• _Directions for this task_: Whenever an image turns up, omit it and return the remaining data exactly.

• _Exercise data_:

===============

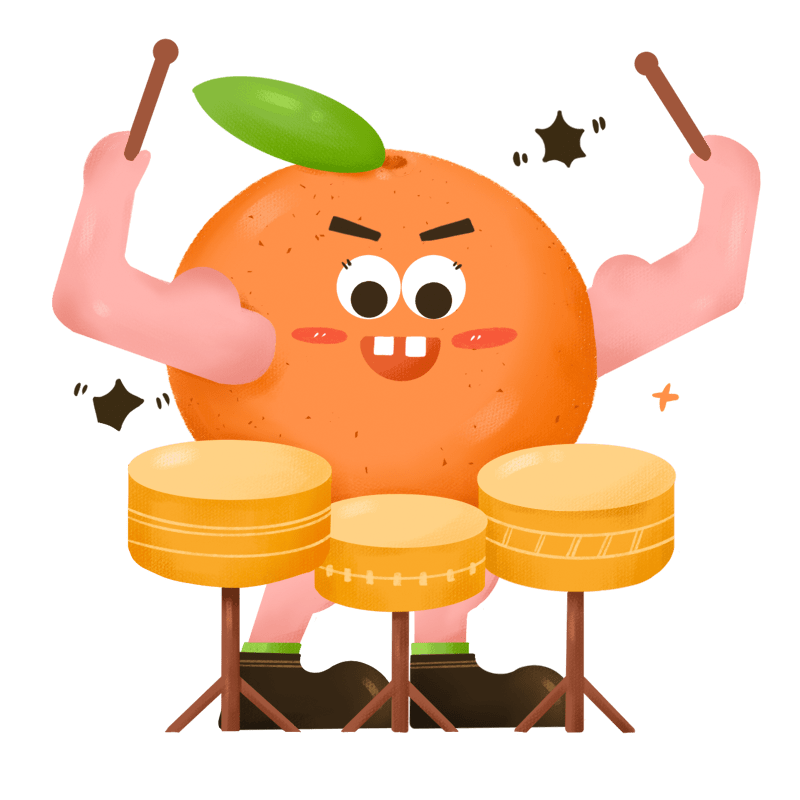 手绘-拟人音乐水果贴纸-橘子
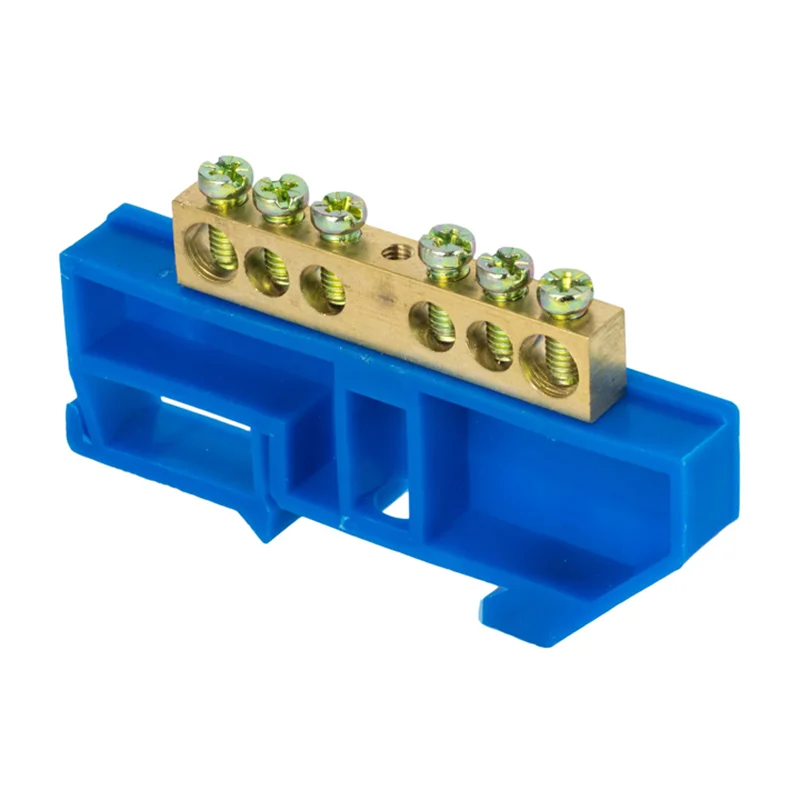 Шина "0" N (8х12мм) 6 отверстий латунь синий изолятор на DIN-рейку PROxima EKF sn0-125-6-d
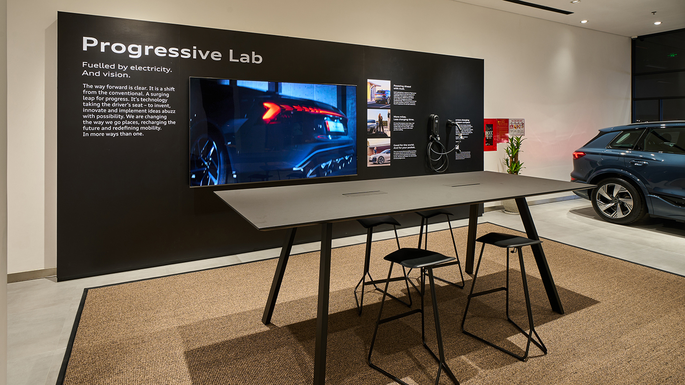 Mô hình Progressive Showroom Concept của Audi được xây dựng dựa trên cấu trúc tám mô-đun, nhằm mang đến cho mỗi khách hàng và khách tham quan một hành trình trải nghiệm được cá nhân hóa hoàn toàn ngay trong không gian showroom, từ đó tạo nên một trải nghiệm cao cấp, trọn vẹn với thương hiệu và sản phẩm Audi.
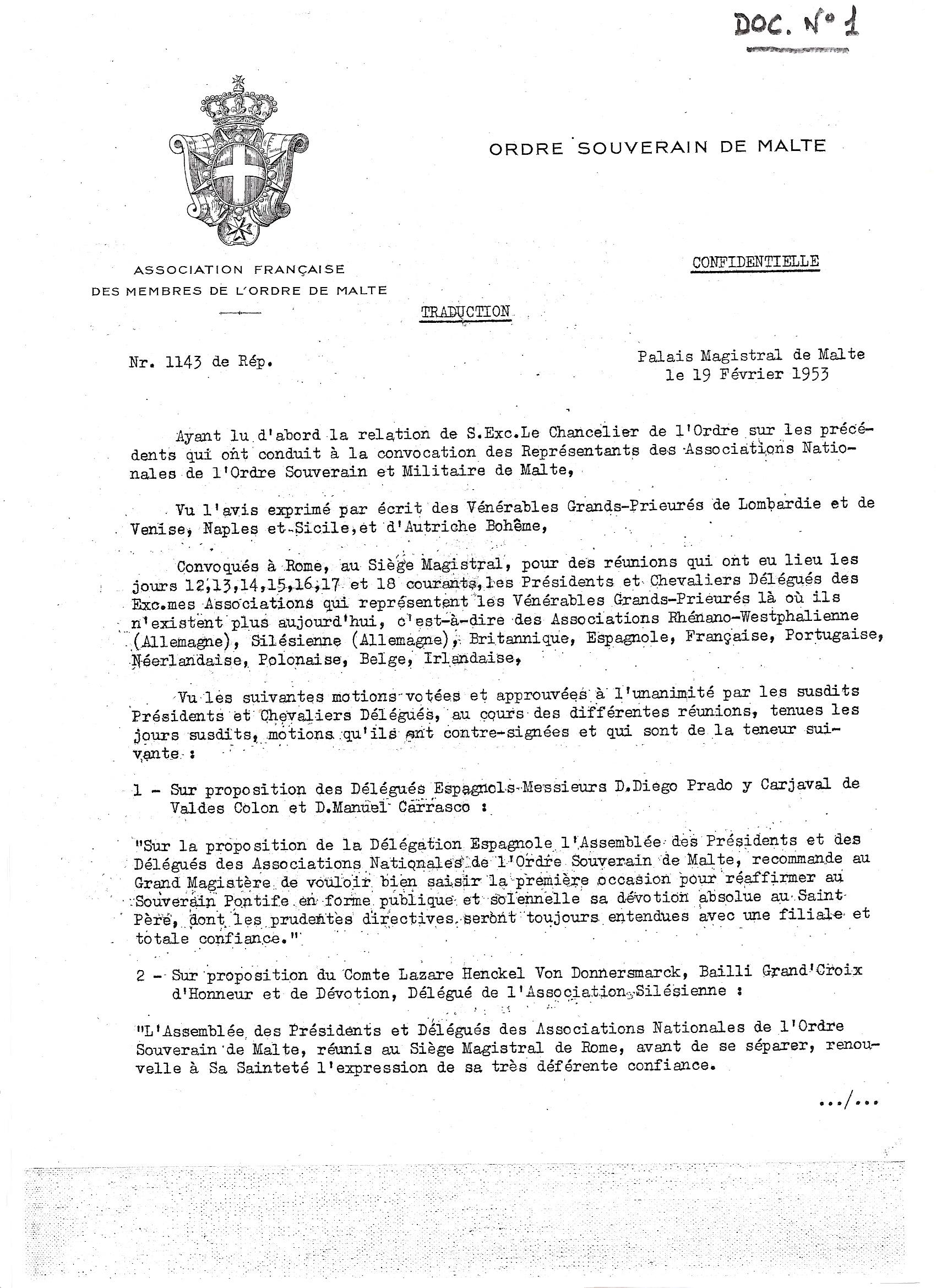 A la vista de los nuevos documentos que ahora hemos encontrado y que aportamos, es materialmente imposible que el documento probatorio citado en el punto 14 de la Sentencia TSSA, confirme lo expresado en la Sentencia Cardenalicia, como en la propia Sentencia TSSA se dice. Hay que aclarar, cosa que no hace la Sentencia TSSA, que el documento que cita es una nota de la Orden, de fecha 19 de febrero de 1953, dirigida a la Secretaría de Estado, mediante la cual se comunicaba el Decreto del Soberano Consejo de la Orden nº 1443, de 19 de febrero de 1953 (vid. Docs. nº 1 y 2). Este Decreto recogía alguna propuesta efectuada por los Grandes Priores y Presidentes de Asociaciones convocados en Roma durante los días 11 a 18 de febrero de 1953, con motivo del conflicto existente con la Santa Sede. En concreto, incluía una propuesta del Conde Lazare Henckel Von Donnersmarck, Delegado de la Asociación de Silesia, efectuada el día 17 de febrero de 1953 (vid esta fecha en Doc. nº 2). Transcribimos textualmente dicha propuesta (vid. Doc. nº 1):

===============

• _Exercise output_:
 手绘-拟人音乐水果贴纸-橘子
 Шина "0" N (8х12мм) 6 отверстий латунь синий изолятор на DIN-рейку PROxima EKF sn0-125-6-d
 Mô hình Progressive Showroom Concept của Audi được xây dựng dựa trên cấu trúc tám mô-đun, nhằm mang đến cho mỗi khách hàng và khách tham quan một hành trình trải nghiệm được cá nhân hóa hoàn toàn ngay trong không gian showroom, từ đó tạo nên một trải nghiệm cao cấp, trọn vẹn với thương hiệu và sản phẩm Audi.
 A la vista de los nuevos documentos que ahora hemos encontrado y que aportamos, es materialmente imposible que el documento probatorio citado en el punto 14 de la Sentencia TSSA, confirme lo expresado en la Sentencia Cardenalicia, como en la propia Sentencia TSSA se dice. Hay que aclarar, cosa que no hace la Sentencia TSSA, que el documento que cita es una nota de la Orden, de fecha 19 de febrero de 1953, dirigida a la Secretaría de Estado, mediante la cual se comunicaba el Decreto del Soberano Consejo de la Orden nº 1443, de 19 de febrero de 1953 (vid. Docs. nº 1 y 2). Este Decreto recogía alguna propuesta efectuada por los Grandes Priores y Presidentes de Asociaciones convocados en Roma durante los días 11 a 18 de febrero de 1953, con motivo del conflicto existente con la Santa Sede. En concreto, incluía una propuesta del Conde Lazare Henckel Von Donnersmarck, Delegado de la Asociación de Silesia, efectuada el día 17 de febrero de 1953 (vid esta fecha en Doc. nº 2). Transcribimos textualmente dicha propuesta (vid. Doc. nº 1):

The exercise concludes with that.